Reproductive allocation

The relative proportion of resources allocated among the floral organs gives an idea about the trade-off between male and female functions (Charnov 1982). The male, female, and PGM plants (n = 10 each) were compared for the allocation, measured in terms of mean production of flowers (per inflorescence), pollen (per flower), pollen viability, pollen fertility, and fruits (per infructescence). The datasets for each parameter were pooled from each population and mean values were compared for difference using one-way analysis of variance (ANOVA) and post hoc Tukey’s test. The total male reproductive output (i.e., pollen production, pollen viability, and pollen fertility) of male flowers of PGM plants was also compared with stamens borne by the bisexual flowers of PGM plants, by using one-way ANOVA and grouped by applying post hoc Dunnett test for unequal datasets. The percentage datasets of pollen fertility and viability were normalized by square-root arc-sine transformation before analysis. The statistical analyses were carried out using the IBM SPSS statistics 21 (IBM Corp. 2012).

Breeding system: cross-compatibility among the genders

Crossability of the two genders with various floral morphs borne on the PGM plants was ascertained through controlled pollination experiments in three combinations: (i) PGM plants x male plants (n = 42), (ii) female plants x PGM plants (n = 70), and (iii) female flowers from the PGM plants x pollen grains from male flowers of PGM plants (n = 35 female flower); in order to study pollen germination and in vivo pollen tube growth, the pistils were fixed (75 h after pollination) in lactic acid:ethanol solution (1:3, v/v) and stained with decolorized aniline blue (Martin 1959) and observed under an epifluorescence microscope (Eclipse 80i Nikon, Japan).

Isolation of gender-specific markers

In the present study, two contrasting methodologies, viz. representational difference analysis (RDA) and amplified fragment length polymorphism (AFLP), generated markers in large number, which increased the chances of identifying a gender-specific marker, and also provided a measure for the extant of similarity/dissimilarity between the genomes of male and female genders. RDA generated markers based on differences between the genomes of two genders, while AFLP was carried out for samples from different populations to capture gender-specific genomic differences, which are uniform across populations.

Sampling of material and DNA isolation

A total of 175 plants (70 males, 73 females, 32 PGM) (Supplementary data Table S1) were sampled from 25 natural populations. The minimum distance between any two sampled populations was ~4 km. As seabuckthorn also reproduces asexually through root suckers, samples collected within a population were at least 15 m apart.
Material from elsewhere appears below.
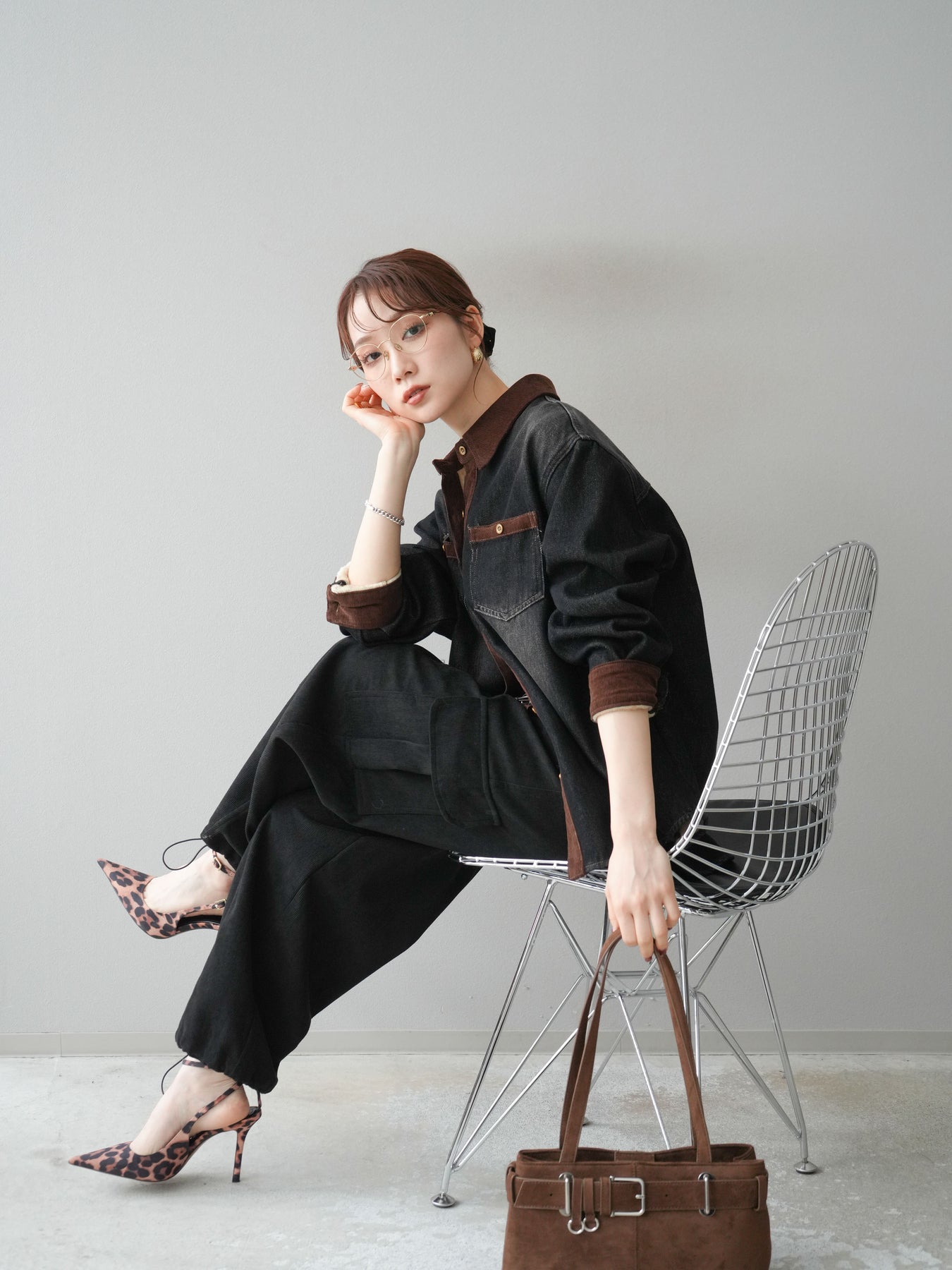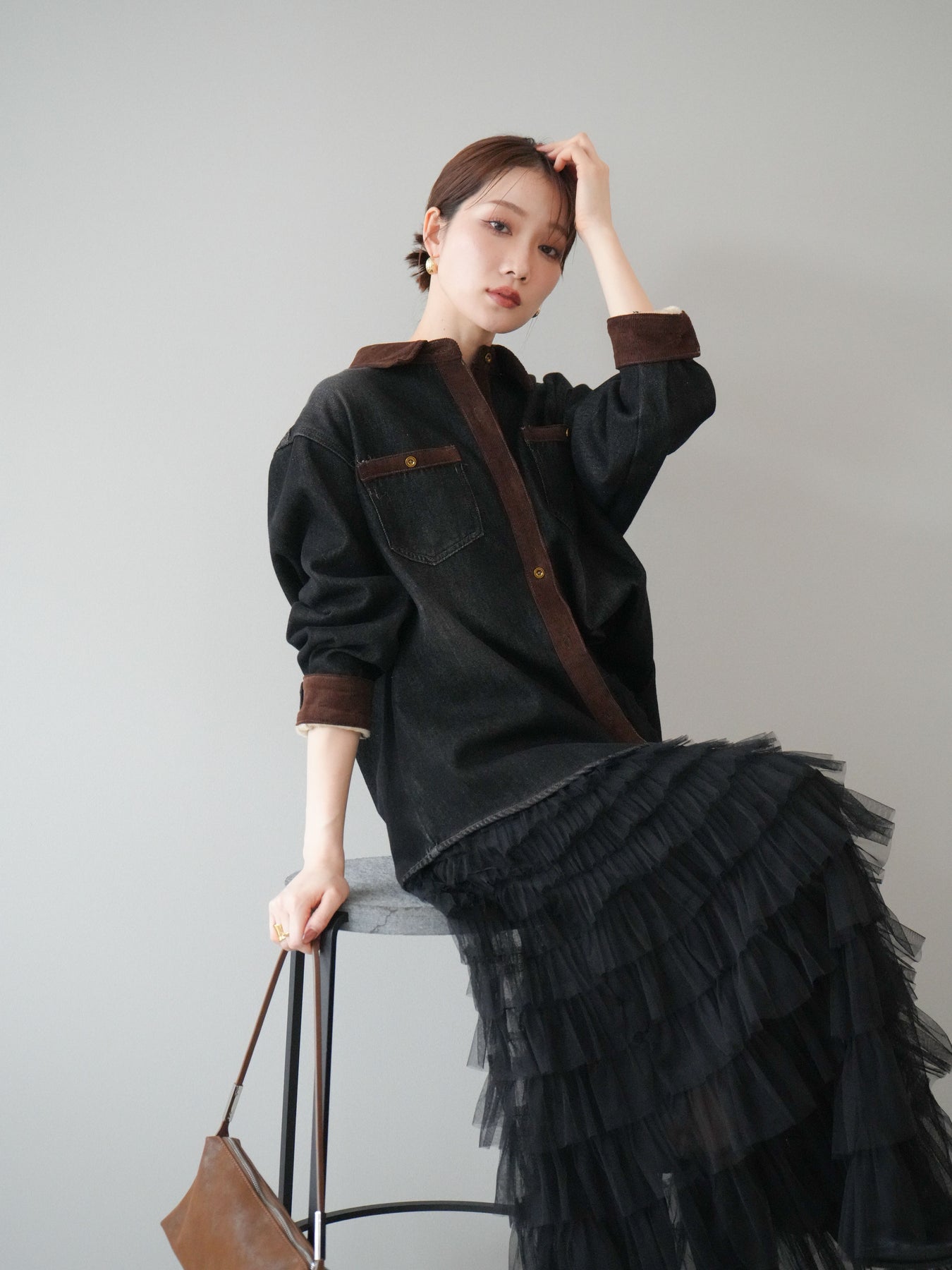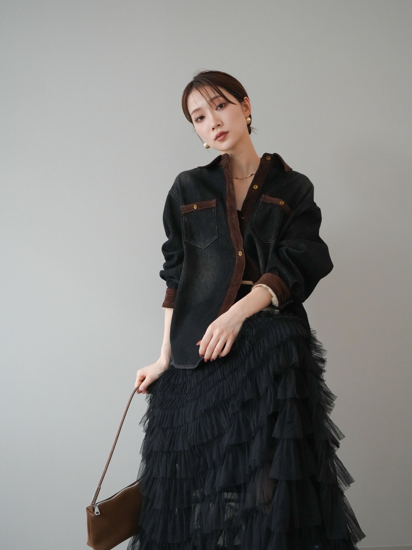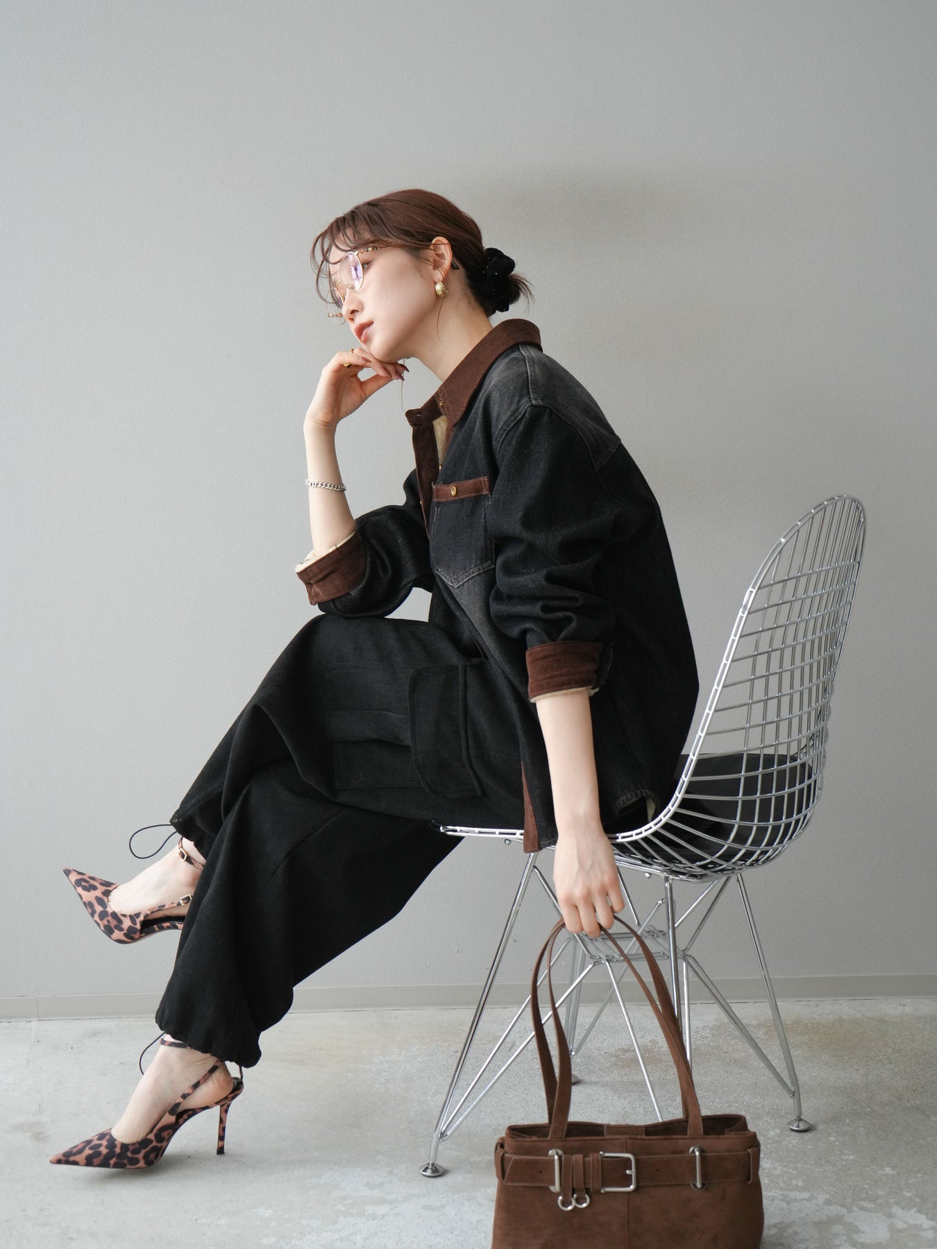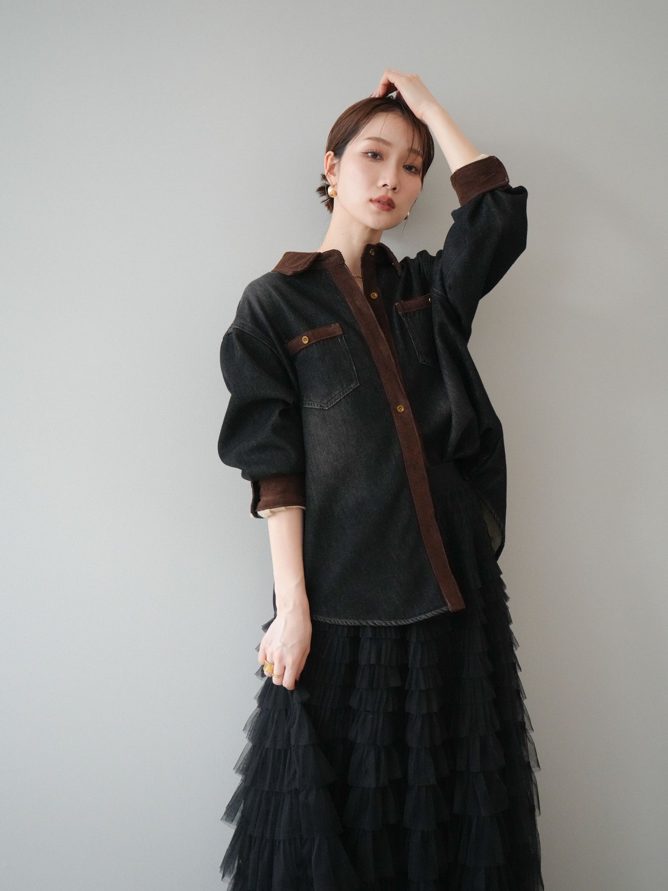 [予約]裏起毛コーデュロイ襟デニムシャツジャケット/black

Leaves were wrapped in aluminum foil, brought to the laboratory in liquid nitrogen, and stored at −80 °C until DNA extraction. DNA was extracted as described by Raina et al. (2012).

Representational difference analysis

Male and female DNA samples were taken from RP population; male was used as a tester and female as a driver. 2.5 μg of DNA was sheared from each tester and driver by a sonicator (Covaris S2, Massachusetts, USA) to a range of 100–500 bp. Sheared DNA was purified using gel elution kit (Qiagen, Hilden, Germany), end-repaired using end-repair kit (New England Biolabs, India), and purified again using PCR purification kit (Qiagen, Hilden, Germany). Subsequently, blunt-end MluI and StuI + NheI adapters (synthesized by IDT, USA) were ligated to the tester and driver DNA, respectively, using T4 DNA ligase enzyme (Roche, USA). Subsequent steps (PCR, denaturation, hybridization, subtraction) were done as per Liao and Tsai (1999) with three rounds of hybridization and subtraction increasing the amount of driver DNA in each subsequent round (tester:driver ratio of 1:80, 1:400, and 1:1400). To compensate the loss of tester sequences, each subtraction round was followed by amplification round of three cycles with tester-specific primer. The subtracted products were cloned and sequenced as per Bali et al. (2015).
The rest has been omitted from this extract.